Pre-Curation Tarballs	Auto-generate tarball snapshots (`skills.tar.gz`) pre-run under `.curator_backups/` alongside a manifest CLAIM-216.	Enables complete developer audibility and rollback of bad curation runs CLAIM-216.
Workspace Preference Logs	Extract developer style preferences to `.claude/memory.md` using a local auto-memory logger CLAIM-204.	Keeps preferences auditable and editable using simple CLI tools CLAIM-204.

For detailed research covering curation engines, preferences, and RISE/TT-SI loops, see: self_improving_agents_and_learning_loops.md.

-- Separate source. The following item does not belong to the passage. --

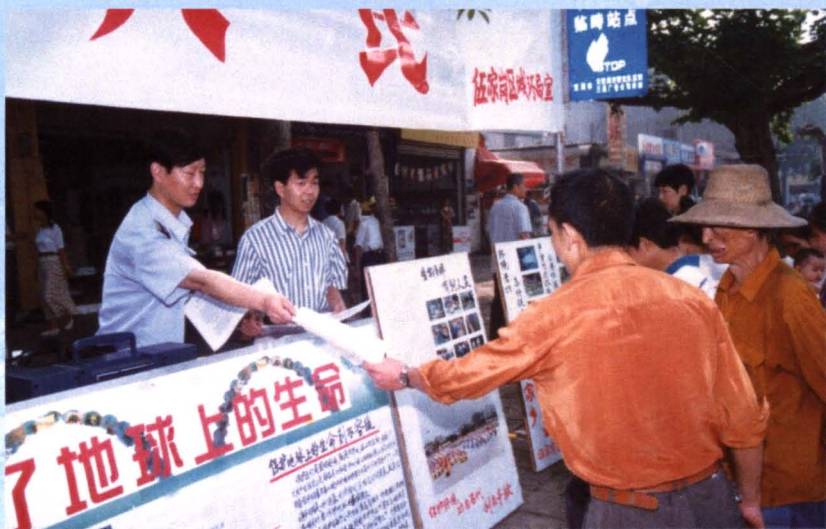
“六·五”世界环境日，环保局工作者走上街头宣传环保。

Open Questions for Implementation

Python or TypeScript for agent core? — Python has ecosystem, TS has full-stack advantage.
Monolithic or distributed? — Hermes monolith is simpler, OpenClaw gateway scales better.
Which model backend first? — Ollama for local dev, OpenRouter for quick multi-model access, LiteLLM when you need self-hosted auth/budgets at scale.
Graph-based or while-loop? — While-loop for v1, graph for v2?
Which memory providers to support first? — Start with SQLite + one cloud provider?